Она пришла на наше место еще раз — последний. Совсем другая, как отрезало. Никаких дурачеств в тот день. Она была очень серьезна.
— Жан! — Она произносила правильно — не «Джин», как частенько читали мое имя соседи-англичане, — однако с интонацией собственного изобретения. — Отец хочет, чтобы я вышла замуж за Анри Барбура.
Дошло до меня не сразу. Анри Барбур приближался возрастом к сорока — вдвое меня старше. Его уважали за жизненный успех, хотя я слыхал, что он отчаянный скряга и трудный в общении человек.
— Но ты же не собираешься соглашаться? — запротестовал я.
— Я должна, разве что… вот если…
— Разве что что?
— Жан, ты ведь знаешь, где лежит сокровище? Я насчет того золота, что осталось после старика? Он же был твой прадед, так? Пират который?
— Он был более отдаленный мой предок. И во всяком случае, золота он не оставил. Ничего такого, о чем бы я знал.
Она подошла ближе.
— Я знаю, это семейная тайна. Знаю, что это всегда скрывали, никому не признавались, но, Жан… если бы у нас было все это богатство… понимаешь, отец и не подумал бы просить меня выйти за Анри. Он все время уверял меня, что ты знаешь, где оно, и всегда можешь взять; когда захочешь, тогда и возьмешь немного.
Так вот оно в чем дело. Золото. Конечно, все циркулирующие истории я знал. Они входили в мифологию Гаспе со времен первого нашего предка, кто одним из первых поселился на. пустынном, почти безлюдном тогда берегу. Он воздвиг неприступный каменный замок, который британцы сожгли при очередном нападении на побережье, много лет спустя, а до этого то и дело атаковали.
Легенда гласила: он укрыл невесть где огромные богатства и мог запускать туда руку, когда бы ни пожелал. И что он купил земли, большие площади. Он действительно плавал в Квебек или Монреаль когда вздумается — даже добирался до Бостона и Нью-Йорка за покупками и не ограничивал себя. Но я ни про какой клад ничего не знал. Совершенно ничего. Если он что и оставил после себя, то спрятал настолько надежно, что ни один человек не догадывался куда.
Мой отец только пожимал плечами в ответ на подобные разговоры:
«Не морочь себе кладами голову.

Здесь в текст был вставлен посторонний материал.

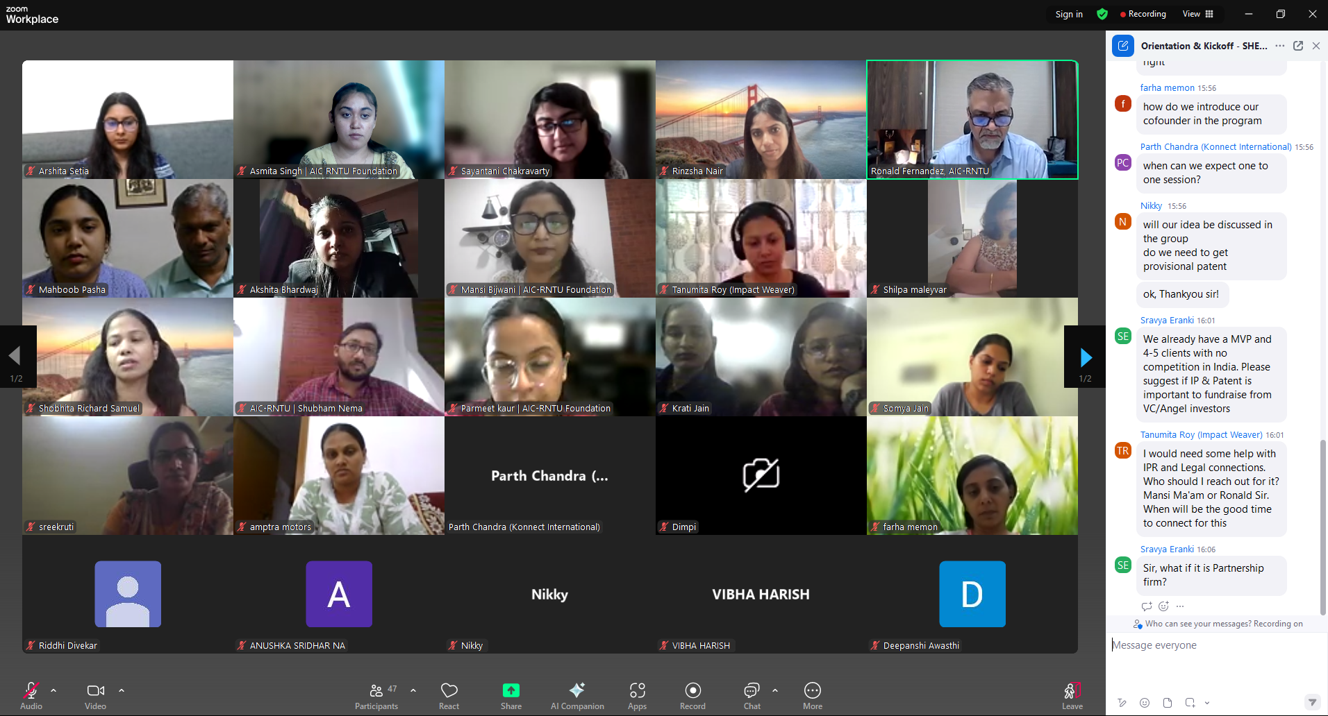 The session commenced with an orientation led by Ms. Mansi Bijwani, Incubation Officer at AIC-RNTU Foundation. She provided an overview of the SHEvolution -Ideate Cohort 2025, outlining the objectives of the program and giving participants clarity on the roadmap ahead.

В этом мире у тебя будет чего заработаешь и чего сбережешь, и все. Помни это и не разбазаривай жизнь, гоняясь за сокровищами, которых, может, и на свете-то нет».
— Никакого золота не существует, — сказал я ей. — Глупые выдумки, больше ничего.
— Но у него были деньги! — возмутилась она. — Он был сказочно богат!
— И все потратил, — ответил я. — Хочешь меня — бери как есть: человек, у которого в руках доброе ремесло и который может хорошо зарабатывать и жить в достатке.
— В достатке! — презрительно произнесла она. — Думаешь, мне только это и надо? Анри даст мне все! Роскошный дом, путешествия, деньги, чтобы расходовать, как заблагорассудится, красивые платья…
— Ну и выходи за него, — заявил я ей. — Выходи, и черт с тобой!
Тогда она ушла и в следующий раз, когда мы повстречались на улице, прошла мимо, точно меня там и не было.
Мое сердце разбито, сказал я себе. И в течение недели пытался себя в этом убедить. Пробовал писать стихи, размышлял над своей погубленной жизнью, наслаждался драматизмом собственной игры — и ни на минуту не натянул себе носа в действительности. Так по правде, пострадало одно мое самолюбие, и то не слишком. Собственно, я испытывал облегчение. Теперь я свободен, и передо мной открыт весь мир.